Los ríos, así como las ciudades, se descontaminan. Los animales en peligro de extinción vuelven a habitar el mundo, sin temor a ser aniquilados. La capa de ozono, lentamente, se recupera. Sin duda alguna, ni el más optimista de los ecologistas hubiese pensado que hoy, en los comienzos del año 2020, pudiera ser posible tal milagro, en plena crisis ambiental, desatada de una forma que creíamos irreversible en el ecosistema.

Sin embargo, tal escenario inimaginable hasta hace unos meses, se torna, ante nuestra sorpresa, en innegablemente fáctico, para cada ser humano del mundo, debido a una pandemia de carácter global que nos toca enfrentar como no había ocurrido en el ultimo siglo de historia.

Ante ello, nos vemos obligados a despertar de nuestra supuesta comodidad hipermoderna, y volver al arte perdido de realizarnos preguntas fundamentales, sobre nuestro rol en la naturaleza de la que, aun cuando lo olvidemos, seguimos formando parte, así como respecto de la naturaleza de nuestra condición humana.

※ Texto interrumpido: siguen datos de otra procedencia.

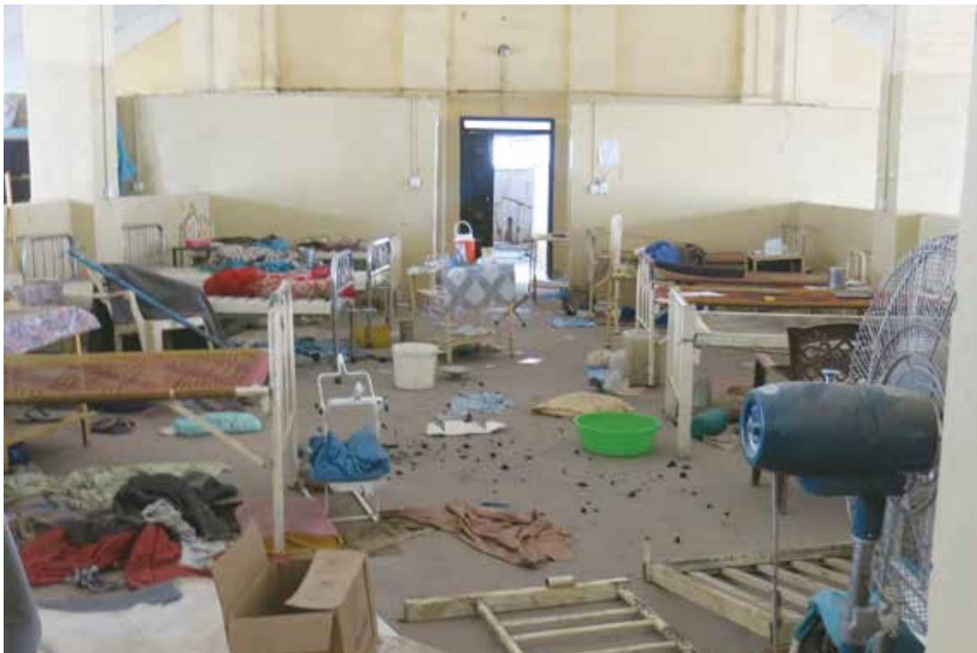
A ward in Malakal Teaching Hospital, where patients and displaced people who had taken refuge were killed by opposition forces in late February 2014. Malakal, Upper Nile state, March 2014.

“She can't manage—she's not normal. She can talk but it's senseless. She quarrels with the children. She cooks, but like a child, she burns things. She knows the children's names, but she does not know their ages. It is the children who tell her to do the things she should do. She can't identify what is happening...Sometimes I pray to God to help her.” 51

En lo relativo a ambos cuestionamientos, si fuéramos reduccionistas y literales en la lectura de los hechos señalados tendríamos que asumir que somos, en realidad, una plaga y, además, la más peligrosa. En efecto, si considerásemos a nuestra forma de cohabitar con el ambiente desde los mismos criterios con los cuales consideramos a los otros seres vivos, sin duda alguna, esta tendría que ser la conclusión inevitable.

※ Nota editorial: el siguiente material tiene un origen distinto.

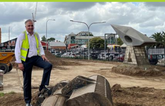
We are upgrading the International Monument at The Crescent which was established in 1977.

In addition, Carrawood Park, Carramar will be upgraded and feature the big bass playground. Work is due to be completed by the middle of this year.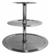
Three Tier Tray Height: 20" Top diameter: 11 3/4" Middle diameter: 13 3/4" Bottom diameter: 15 3/4" 25.00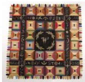
Pieced Quilt (1995.103)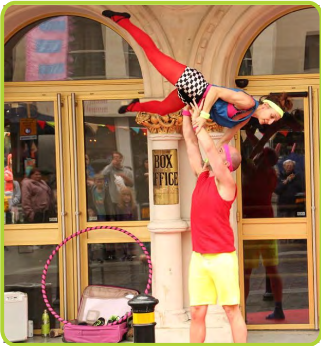
BEDLAM FAIR keeping out of the rain

Everyone who lead the project was brilliant – professional, friendly and they clearly knew their stuff. From start to finish a fantastic experience!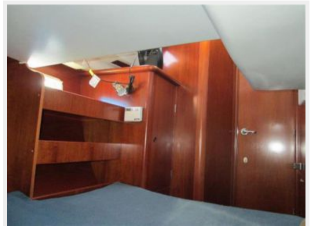
Aft Cabin Hanging locker and Storage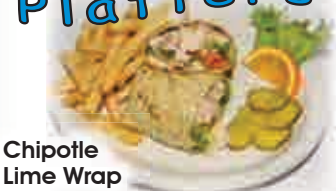
Chipotle Lime Wrap

CHICKEN OR STEAK FAJITA WRAP Juicy steak or chicken sliced thin, peppers, onions, tomato, wrapped with Monterey Jack cheese & lettuce on a chipotle tortilla with Southwestern dressing. . . . . 6.99

Sin embargo, la forma de vida hipermoderna, que lo explota y consume todo, desde el entorno natural hasta la interacción humana, y a la misma constitución psíquica del individuo, trasformando a la persona en consumidor/producto, y obligando a la misma a una existencia en extremo individualista, narcisista y hedonista, no es la única manera posible de existencia humana. En efecto, no solo la antigüedad clásica utilizó y comprendió a la técnica de una manera completamente opuesta a como se utiliza y comprende desde la modernidad en adelante, tal y como lo señalara Martin Heidegger, sino que prácticamente todas las culturas que no se han fundamentado desde la explotación, ya sea del hábitat como de los otros, o sea, cualquiera que no fuera moderna, pudo mantener un equilibrio entre el desarrollo de su tecnología y la mantención del ecosistema. Heidegger ejemplifica ello con el molino de viento: este beneficia al ser humano, pero sin violentar con su funcionamiento al hábitat. Por el contrario, la tecnología moderna se fundamenta, secretamente, en lo que Zygmunt Bauman denominara como inextinguible sed de creación destructiva, o, como lo señalara Heidegger; violencia contra el origen.

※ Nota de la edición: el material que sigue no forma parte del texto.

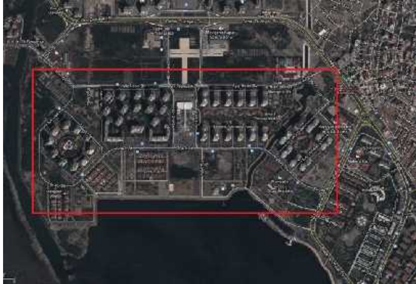
Figure 2. View of Mavi ehir Project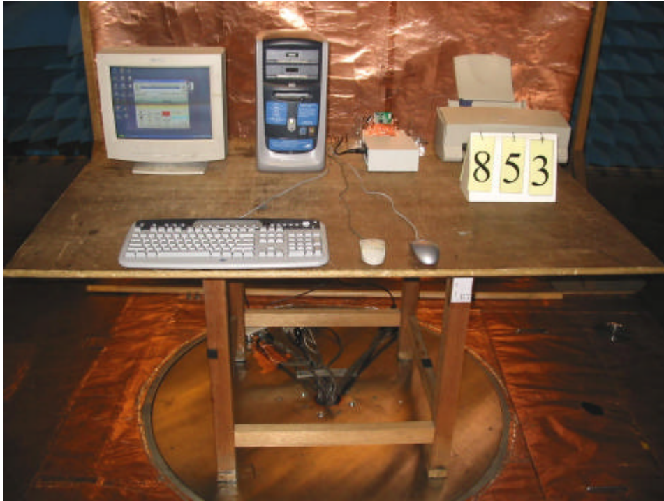
Front View of the Test Configuration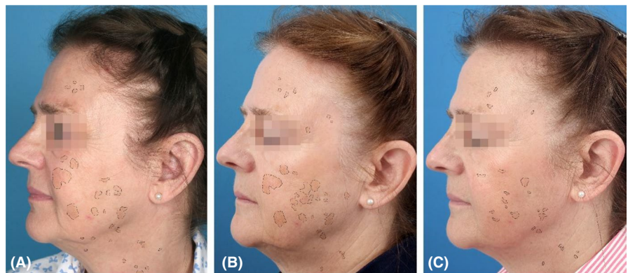
FIGURE 1 Standardized pictures obtained using a Visia camera system (Candfield); before the Kleresca® pre-post treatment (A), 1 wk after the second Kleresca® session and immediately prior to the treatment with the QS-ruby laser (B), and 3 wk after the QS-ruby laser treatment (C) were used to track the changes in pigmentation. (D) Graph shows the % area of pigmentation identified from the patient pictures [Colour figure can be viewed at wileyonlinelibrary.com ]

Here, we present a 67-year-old woman with histologically confirmed SL (Figure 1A) treated with the Kleresca® treatment (FB Dermatology, Ireland). Treatment comprised the application of a 2-mm layer of the Kleresca® pre-post photoconverter gel followed by irradiation with a multi-LED lamp (447 nm), as per the instructions for use. A double/stacking treatment consisting of one 9-minute treatment session, a 10-minute interval, and a subsequent 9-minute treatment session was completed once a week for 2 weeks. One week after the second Kleresca® treatment session, the patient was treated with a 694 nm Qs-ruby laser using a 4-mm spot with

En este sentido, es tan violento como paradójico que el discurso moderno haya considerado incivilizadas o atrasadas a las culturas que cultivaron, defendieron y defienden, aún hoy, la preservación de la naturaleza, o sea, al verdadero origen de la vida. Y defienden a este origen, precisamente, de la intervención violenta ejercida por la forma de civilización moderna y su progreso. A este resguardo llaman esas culturas, no alienadas de lo natural, tradición. No es de extrañar, entonces, que la modernidad sea en realidad, nuevamente en palabras de Heidegger, violencia contra la tradición. El progreso moderno es, entonces, destrucción de la tradición, es decir, de la conservación del origen. En su etapa de paroxismo, entiéndase, en nuestra hipermodernidad, esa violencia se vuelve desenfrenada. No es tampoco extraño el actual escenario de devastación ecológica, del cual, en medio de esta tragedia humana como es la pandemia del COVID-19, la naturaleza pareciese descansar de tanta modernidad, de tanta destrucción inspirada en la sed de producción y consumo. Sin asumir en ello, por supuesto, ninguna intencionalidad, resulta fáctico que, para el hábitat, este lapsus de reducción de la actividad moderna ha significado un respiro. En el trasfondo de esta pandemia, se manifiesta la condición hipermoderna como plaga.

Es hora de aprender de las formas culturales con raíces, con origen, con tradición e identidad, que las lleva a tener, por ello, finalidad, sentido y futuro. Hoy, más que en cualquier otro momento histórico, la encrucijada global nos obliga a aprender de ello, o a la extinción, que es el único horizonte que espera al nihilismo hipermoderno.